Artikel 13 Verkorting van de periode van voldoen aan betalingsverplichting

De in artikel 12 genoemde termijn is drie jaar indien het gemiddeld inkomen van de belanghebbendein die periode de beslagvrije voet bedoeld in de artikelen 475c en 475d van het Wetboek van Burgerlijke Rechtsvordering niet te boven is gegaan.

Artikel 14 Geen kwijtschelding na voldoen aan betalingsverplichting

Kwijtschelding als bedoeld in artikel 12 vindt niet plaats ten aanzien van vorderingen welke door pand of hypotheek op een goed of goederen zijn gedekt, behoudens voor zover zij niet op die goederen verhaald kunnen worden.

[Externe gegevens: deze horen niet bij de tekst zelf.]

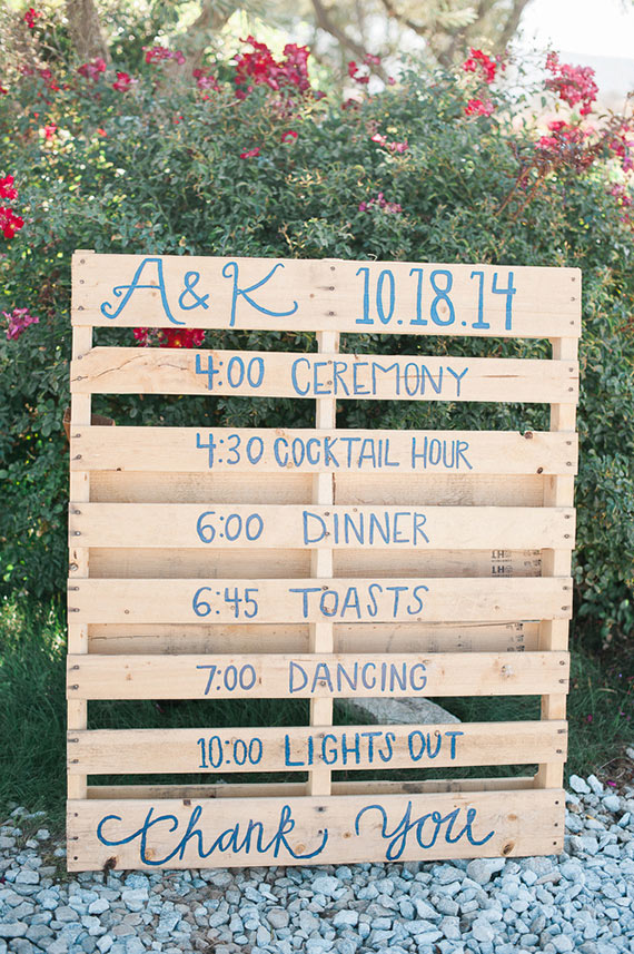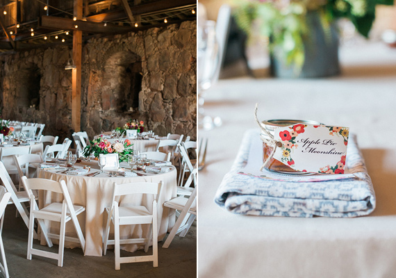 Lauren of Lavender Grey Events says, The bride, family, and friends made everything for the wedding from the vintage marquee sing, the giant A+K letters for the barn doors, hand-stamped table number cards, table numbers, painted frames, and the signage. Amanda hunted rustic items from flea markets that I went to town with on the day of the event. The best baseball touch was a beautiful bench for two made by Amanda’s father out of all of Kevin’s old baseball bats from his journey from the minors to the majors.
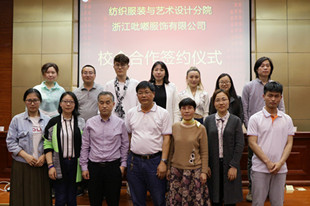 纺织类专业与浙江吡嘟嘟有限公司、花为媒有限公司、绍兴中小纺织企业促进会合作签约
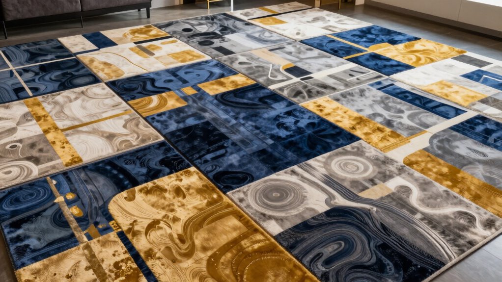 Imagine a splash of color dancing across your floor—that’s how I choose an abstract rug to complement modern interiors. I look for pieces with bold, yet balanced designs that echo my space’s color palette and sleek lines. I also consider texture and scale, ensuring the rug enhances rather than overwhelms. This way, it becomes a statement piece that ties my room’s contemporary vibe together seamlessly.

Hoofdstuk 5 Invordering van teruggevorderde bijstand

Artikel 15 Invorderingsbesluit

In het terugvorderingsbesluit delen burgemeester en wethouders aan de belanghebbende mede:

a. tot welk bedrag en over welke periode de ten onrechte ontvangen bijstand wordt teruggevorderd,dit kan met een verwijzing naar een eerdere beschikking;

b. de termijn of termijnen waarbinnen de belanghebbende de ten onrechte ontvangen bijstand dient terug te betalen;

c. op welke wijze het besluit, bij gebrekkige betaling, ten uitvoer wordt gelegd;

d. dat de nog te maken kosten van invordering, zoals wettelijke rente, incassokosten en de kosten van beslaglegging, eveneens worden teruggevorderd;

e. het percentage aan wettelijke rente zoals op dat moment van toepassing is.

Artikel 16 Verplichtingen met betrekking tot de invordering

a. Het aflossingsbedrag, zoals medegedeeld in het terugvorderingsbesluit of dat met de belanghebbende op grond van een minnellijke regeling tot stand is gekomen, geldt als een opgelegde betalingsverplichting;

b. Indien verwacht wordt dat op grond van het aflossingsbedrag langer dan 3 jaar een betalingsveplichting bestaat wordt tenminste één keer per jaar door burgemeester en wethouders onderzoek naar de hoogte van het inkomen verricht. Indien het inkomen daartoe aanleiding geeft wordt als gevolg van dit onderzoek de betalingsverplichting gewijzigd vastgesteld;

c. bij werkaanvaarding wordt het aflossingsbedrag niet verhoogd.

Artikel 17 Verrekening en beslaglegging

Indien de belanghebbende niet bereid is tot het treffen van een minnelijke betalingsregeling, of een eerder opgelegde betalingsverplichting niet meer nakomt, dan wordt het terugvorderingsbesluit tenuitvoer gelegd door middel van:

a. verrekening met de maandelijks verleende bijstand ingevolge de WWB, op grond van artikel 6:127van het Burgerlijk Wetboek, of bij het ontbreken van deze mogelijkheid

b. een executoriaal beslag overeenkomstig de artikelen 479b tot en met 479g, behoudens artikel 479e lid 2 van het Wetboek van Burgerlijke Rechtsvordering.

Hoofdstuk 6 Werkaanvaarding

Artikel 18

a. Het aflossingsbedrag, zoals genoemd in artikel 16, wordt bij werkaanvaarding niet verhoogd.

b. In afwijking van artikel 4 kunnen burgemeester en wethouders besluiten van terugvordering of van verdere terugvordering af te zien, indien de belanghebbende gedurende 3 jaar een inkomen uit- of in verband met arbeid wordt genoten en gedurende deze periode aan de betalingsverplichting is voldaan.

c. Artikel 18 is niet van toepassing op fraudevorderingen tenzij daarvoor een dringende reden aanwezig is.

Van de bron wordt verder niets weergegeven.